Looking at recent moves, the period between January 2024 and January 2025 saw the largest nominal increases concentrated where wages started lowest. Romania notched up a hike of nearly 23%, while Estonia saw a more modest 8%. Older Member States generally applied more cautious adjustments. Crucially, with inflation easing somewhat, minimum wage earners in most countries enjoyed a boost in real terms – their pay packets stretching a bit further than before.
The Directive’s Push and Future Questions
Enter the EU’s new Minimum Wage Directive. Due for national implementation by November 2024, it aims to ensure statutory minimum wages are ‘adequate’. While governments retain the final say on the numbers, the directive insists on robust frameworks: frequent updates, clear criteria for setting rates, and proper involvement of consultative bodies and social partners.
Perhaps most influential, it pushes countries to use ‘indicative reference values’ to gauge adequacy, for example this could be 60% of the gross median wage or 50% of the gross average wage. Unsurprisingly, an increasing number of governments are now referencing such values, particularly the proportions of average wages, when calibrating their annual hikes. Minimum wages were already outpacing average/median wage growth in many places; the directive looks set to cement this trend as countries strive to hit these relative benchmarks.
This focus addresses one leg of the ‘adequacy’ stool – ensuring the minimum wage is fair relative to other earnings.

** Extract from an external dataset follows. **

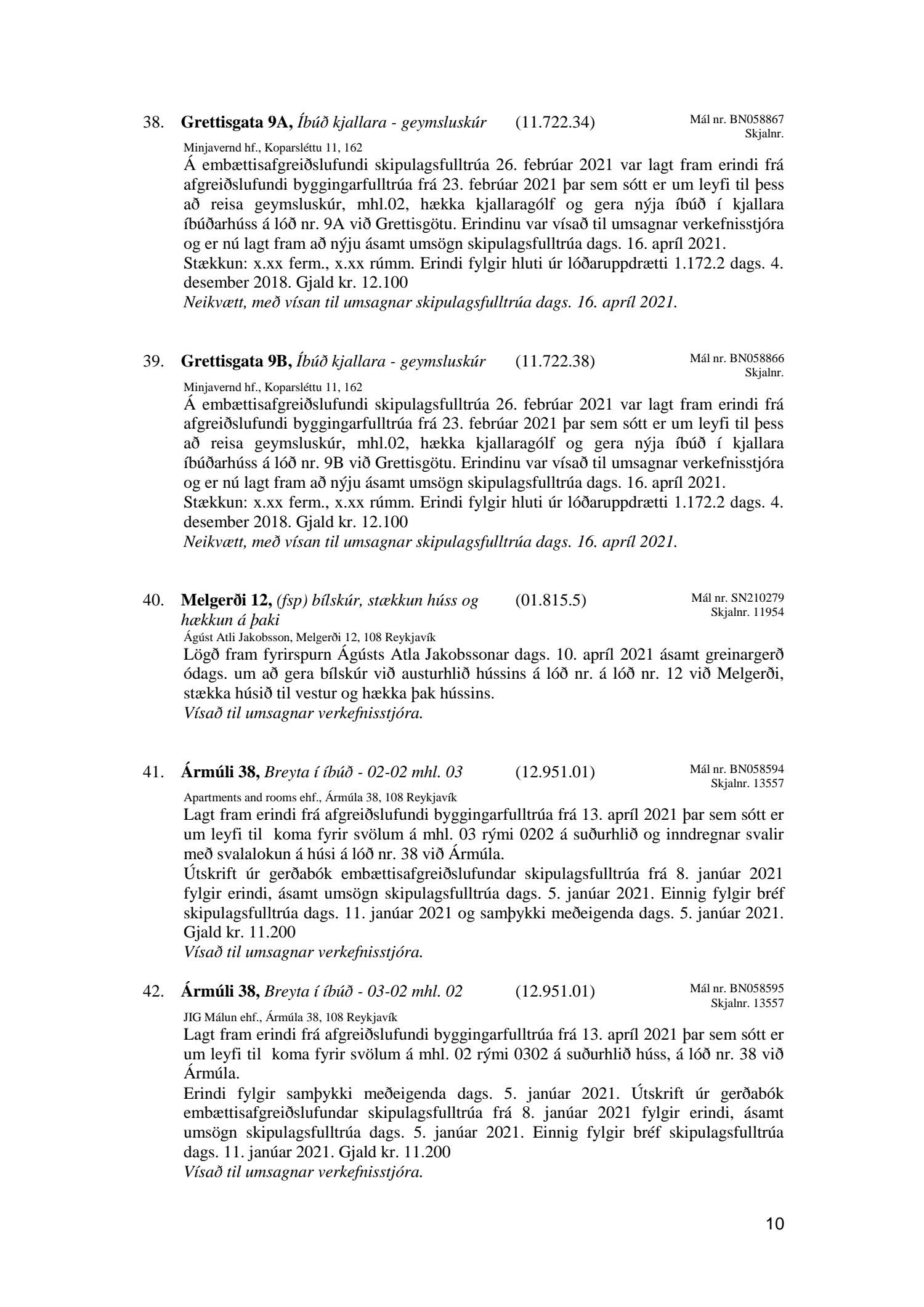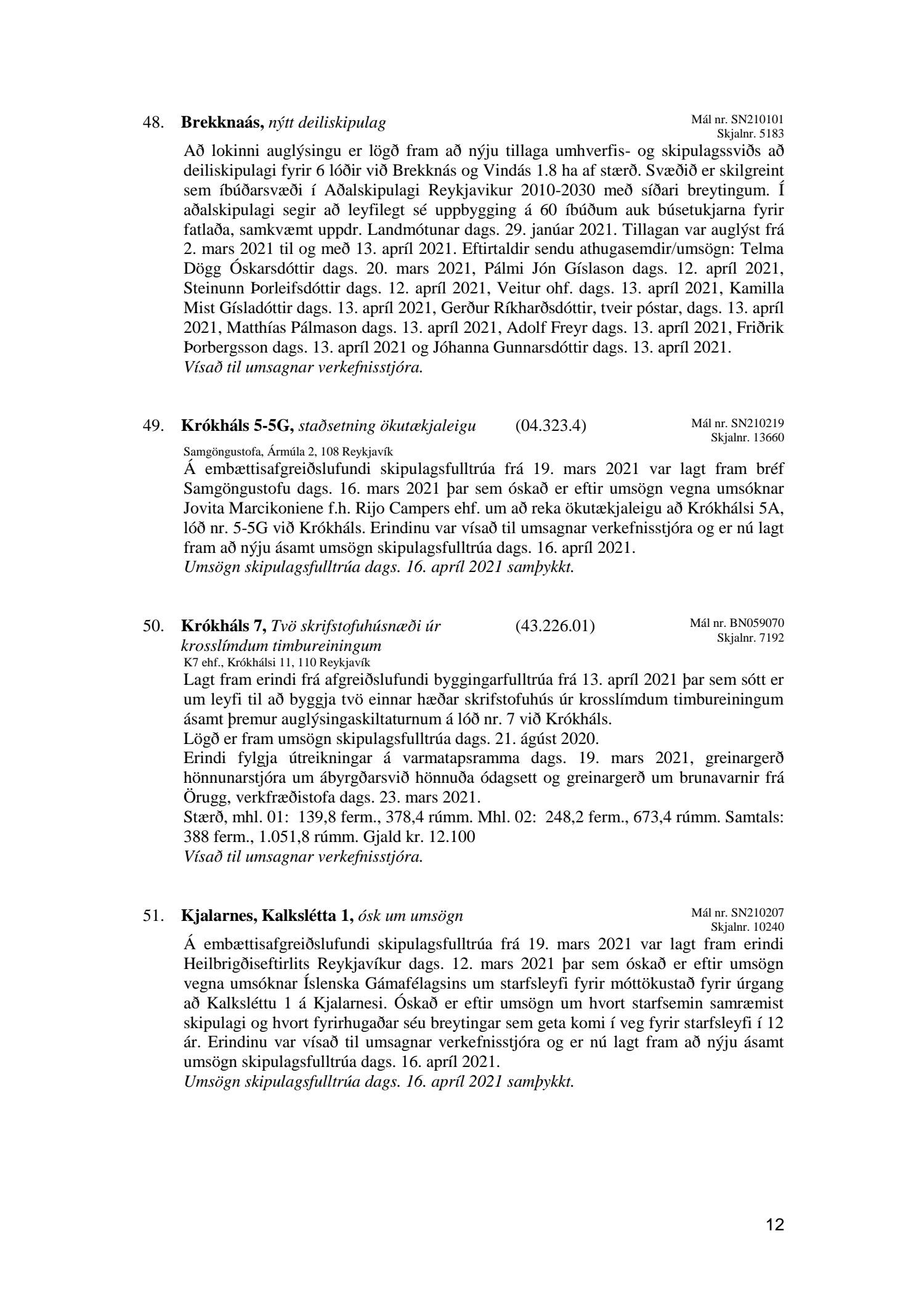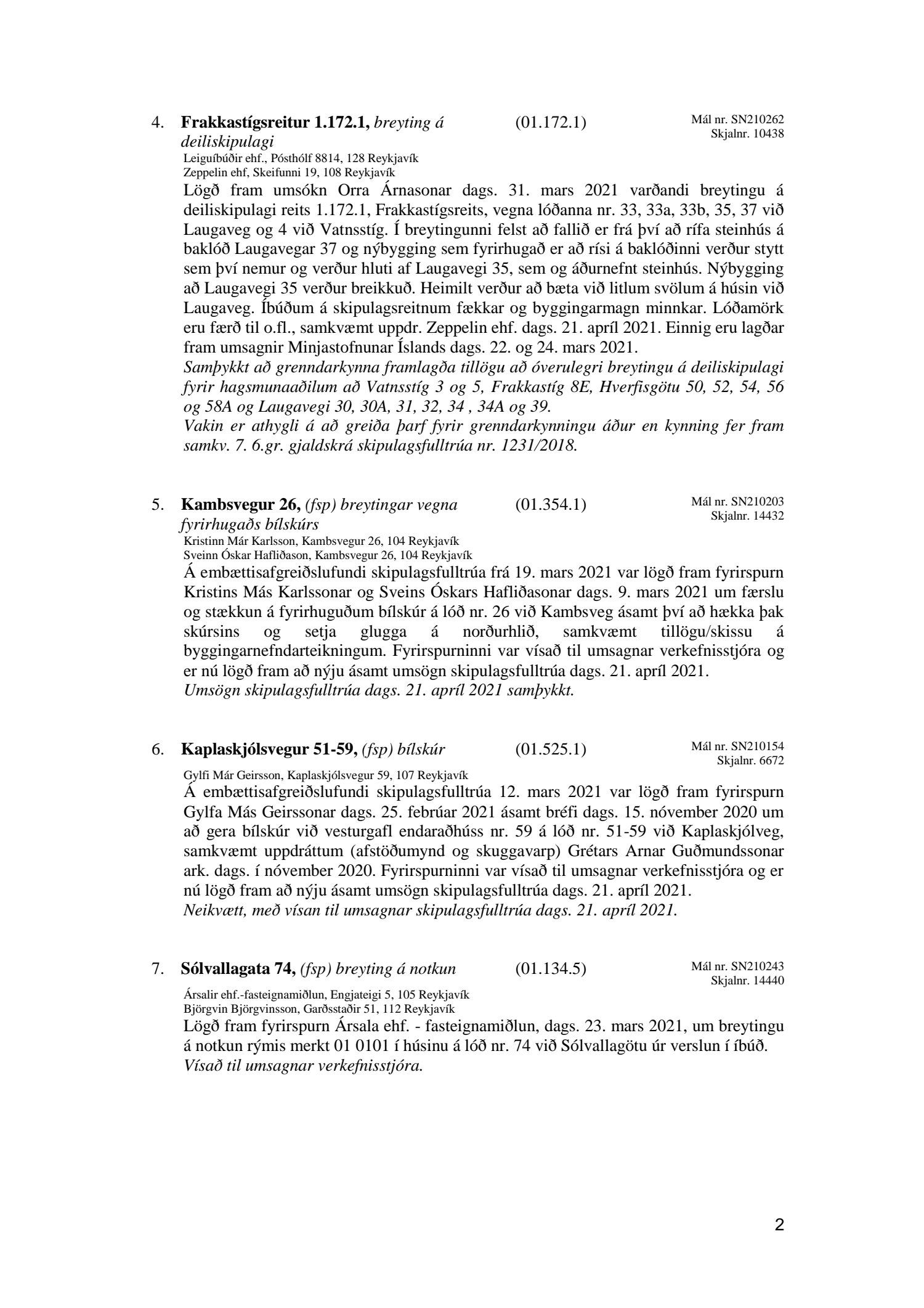 Afgreiðslufundir skipulagsfulltrúa Reykjavíkur, fundargerð

But the second leg – whether it guarantees an adequate standard of living – remains somewhat shaky. Addressing this extends beyond minimum wages and encompasses the broader economic landscape: the local cost of living, household composition, the earnings of other family members, and the bite of taxes or the buffer of benefits. Most EU states have not sufficiently assessed this crucial dimension. Slovenia is the rare exception, linking its minimum wage adjustments to changes in the cost of a defined basket of goods.

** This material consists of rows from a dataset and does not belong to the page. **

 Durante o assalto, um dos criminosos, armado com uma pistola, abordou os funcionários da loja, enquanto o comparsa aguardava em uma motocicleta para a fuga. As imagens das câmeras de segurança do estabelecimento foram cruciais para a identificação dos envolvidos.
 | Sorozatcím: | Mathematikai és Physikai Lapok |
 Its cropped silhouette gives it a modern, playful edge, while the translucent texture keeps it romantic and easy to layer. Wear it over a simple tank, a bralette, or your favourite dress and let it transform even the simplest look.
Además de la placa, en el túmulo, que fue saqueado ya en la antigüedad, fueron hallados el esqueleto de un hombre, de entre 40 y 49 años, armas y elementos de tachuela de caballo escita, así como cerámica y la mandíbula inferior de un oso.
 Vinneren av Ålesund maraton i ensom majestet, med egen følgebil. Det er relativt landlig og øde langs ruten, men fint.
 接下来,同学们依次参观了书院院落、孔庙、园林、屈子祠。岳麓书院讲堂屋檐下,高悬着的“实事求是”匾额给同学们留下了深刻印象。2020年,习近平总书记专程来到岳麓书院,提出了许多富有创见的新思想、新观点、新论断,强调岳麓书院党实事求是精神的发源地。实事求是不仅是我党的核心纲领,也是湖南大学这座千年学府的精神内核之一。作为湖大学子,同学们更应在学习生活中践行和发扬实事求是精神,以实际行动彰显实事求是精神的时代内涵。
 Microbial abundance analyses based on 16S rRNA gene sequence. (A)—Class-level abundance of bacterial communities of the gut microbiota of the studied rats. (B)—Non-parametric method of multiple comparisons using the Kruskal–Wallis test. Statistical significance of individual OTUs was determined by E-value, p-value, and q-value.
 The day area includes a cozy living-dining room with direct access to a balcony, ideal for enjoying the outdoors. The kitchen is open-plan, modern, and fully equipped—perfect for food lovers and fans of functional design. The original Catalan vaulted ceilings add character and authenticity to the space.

Transposition of the directive has often been less a grand overhaul and more a quiet tweak. Where changes have happened, they frequently involve simply copy-pasting the directive’s wording into existing national laws or assigning the new consultative roles to familiar institutions.
The practical effect of these ‘on paper’ shifts bears watching. Will reaching the selected reference values mean future minimum wage growth slows to simply keep pace with average/median pay? Will the targets themselves start creeping upwards? Or will countries opt for new approaches to reference values over time which also address the second leg of the adequacy stool? Adding a layer of uncertainty is a pending ruling from the European Court of Justice. Denmark, which champions collective bargaining over statutory minimums, has challenged the directive’s legality. A decision expected in 2025 could well alter the EU’s approach, coming at a time when economic competitiveness is increasingly dominating the Brussels agenda. The path for Europe’s minimum wage is still being paved, and not without potential bumps ahead.